A precise repetition of every line below is the required answer.
Top of Material to process
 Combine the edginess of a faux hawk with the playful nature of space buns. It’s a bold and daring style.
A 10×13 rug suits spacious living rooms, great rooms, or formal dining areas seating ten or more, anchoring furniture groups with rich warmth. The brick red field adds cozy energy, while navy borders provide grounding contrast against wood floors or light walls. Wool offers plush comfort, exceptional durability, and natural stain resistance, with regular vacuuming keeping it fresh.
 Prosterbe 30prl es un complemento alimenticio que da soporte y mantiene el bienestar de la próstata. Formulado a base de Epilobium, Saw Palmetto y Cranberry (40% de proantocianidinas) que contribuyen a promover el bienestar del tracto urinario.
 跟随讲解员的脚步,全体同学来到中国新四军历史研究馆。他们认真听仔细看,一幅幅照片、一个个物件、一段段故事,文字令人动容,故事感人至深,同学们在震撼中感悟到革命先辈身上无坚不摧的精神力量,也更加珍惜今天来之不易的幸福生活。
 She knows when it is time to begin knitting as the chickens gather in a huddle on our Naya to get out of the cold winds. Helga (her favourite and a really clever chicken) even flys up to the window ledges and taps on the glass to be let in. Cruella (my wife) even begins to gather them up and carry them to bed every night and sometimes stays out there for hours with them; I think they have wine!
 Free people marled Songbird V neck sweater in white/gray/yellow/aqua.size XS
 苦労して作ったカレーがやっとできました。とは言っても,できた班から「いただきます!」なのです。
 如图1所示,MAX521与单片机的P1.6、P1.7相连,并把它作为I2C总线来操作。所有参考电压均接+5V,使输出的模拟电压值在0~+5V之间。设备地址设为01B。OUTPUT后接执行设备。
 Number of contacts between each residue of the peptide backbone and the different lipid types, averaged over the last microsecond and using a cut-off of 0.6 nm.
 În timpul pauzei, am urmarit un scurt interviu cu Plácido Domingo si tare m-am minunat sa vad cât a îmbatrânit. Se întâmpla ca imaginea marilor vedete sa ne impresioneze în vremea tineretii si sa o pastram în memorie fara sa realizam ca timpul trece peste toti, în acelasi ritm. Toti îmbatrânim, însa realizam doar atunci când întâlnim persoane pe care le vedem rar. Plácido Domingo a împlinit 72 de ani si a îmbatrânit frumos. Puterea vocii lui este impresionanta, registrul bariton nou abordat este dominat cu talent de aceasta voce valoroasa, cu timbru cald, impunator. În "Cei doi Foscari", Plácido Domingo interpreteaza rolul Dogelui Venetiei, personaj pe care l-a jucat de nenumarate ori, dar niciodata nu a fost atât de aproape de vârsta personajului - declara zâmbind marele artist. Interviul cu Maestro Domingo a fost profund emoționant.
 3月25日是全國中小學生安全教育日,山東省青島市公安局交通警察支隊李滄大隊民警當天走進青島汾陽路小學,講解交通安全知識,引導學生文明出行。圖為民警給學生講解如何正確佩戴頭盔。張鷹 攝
Bottom of Material to process
## Exercise response
 Combine the edginess of a faux hawk with the playful nature of space buns. It’s a bold and daring style.
A 10×13 rug suits spacious living rooms, great rooms, or formal dining areas seating ten or more, anchoring furniture groups with rich warmth. The brick red field adds cozy energy, while navy borders provide grounding contrast against wood floors or light walls. Wool offers plush comfort, exceptional durability, and natural stain resistance, with regular vacuuming keeping it fresh.
 Prosterbe 30prl es un complemento alimenticio que da soporte y mantiene el bienestar de la próstata. Formulado a base de Epilobium, Saw Palmetto y Cranberry (40% de proantocianidinas) que contribuyen a promover el bienestar del tracto urinario.
 跟随讲解员的脚步,全体同学来到中国新四军历史研究馆。他们认真听仔细看,一幅幅照片、一个个物件、一段段故事,文字令人动容,故事感人至深,同学们在震撼中感悟到革命先辈身上无坚不摧的精神力量,也更加珍惜今天来之不易的幸福生活。
 She knows when it is time to begin knitting as the chickens gather in a huddle on our Naya to get out of the cold winds. Helga (her favourite and a really clever chicken) even flys up to the window ledges and taps on the glass to be let in. Cruella (my wife) even begins to gather them up and carry them to bed every night and sometimes stays out there for hours with them; I think they have wine!
 Free people marled Songbird V neck sweater in white/gray/yellow/aqua.size XS
 苦労して作ったカレーがやっとできました。とは言っても,できた班から「いただきます!」なのです。
 如图1所示,MAX521与单片机的P1.6、P1.7相连,并把它作为I2C总线来操作。所有参考电压均接+5V,使输出的模拟电压值在0~+5V之间。设备地址设为01B。OUTPUT后接执行设备。
 Number of contacts between each residue of the peptide backbone and the different lipid types, averaged over the last microsecond and using a cut-off of 0.6 nm.
 În timpul pauzei, am urmarit un scurt interviu cu Plácido Domingo si tare m-am minunat sa vad cât a îmbatrânit. Se întâmpla ca imaginea marilor vedete sa ne impresioneze în vremea tineretii si sa o pastram în memorie fara sa realizam ca timpul trece peste toti, în acelasi ritm. Toti îmbatrânim, însa realizam doar atunci când întâlnim persoane pe care le vedem rar. Plácido Domingo a împlinit 72 de ani si a îmbatrânit frumos. Puterea vocii lui este impresionanta, registrul bariton nou abordat este dominat cu talent de aceasta voce valoroasa, cu timbru cald, impunator. În "Cei doi Foscari", Plácido Domingo interpreteaza rolul Dogelui Venetiei, personaj pe care l-a jucat de nenumarate ori, dar niciodata nu a fost atât de aproape de vârsta personajului - declara zâmbind marele artist. Interviul cu Maestro Domingo a fost profund emoționant.
 3月25日是全國中小學生安全教育日,山東省青島市公安局交通警察支隊李滄大隊民警當天走進青島汾陽路小學,講解交通安全知識,引導學生文明出行。圖為民警給學生講解如何正確佩戴頭盔。張鷹 攝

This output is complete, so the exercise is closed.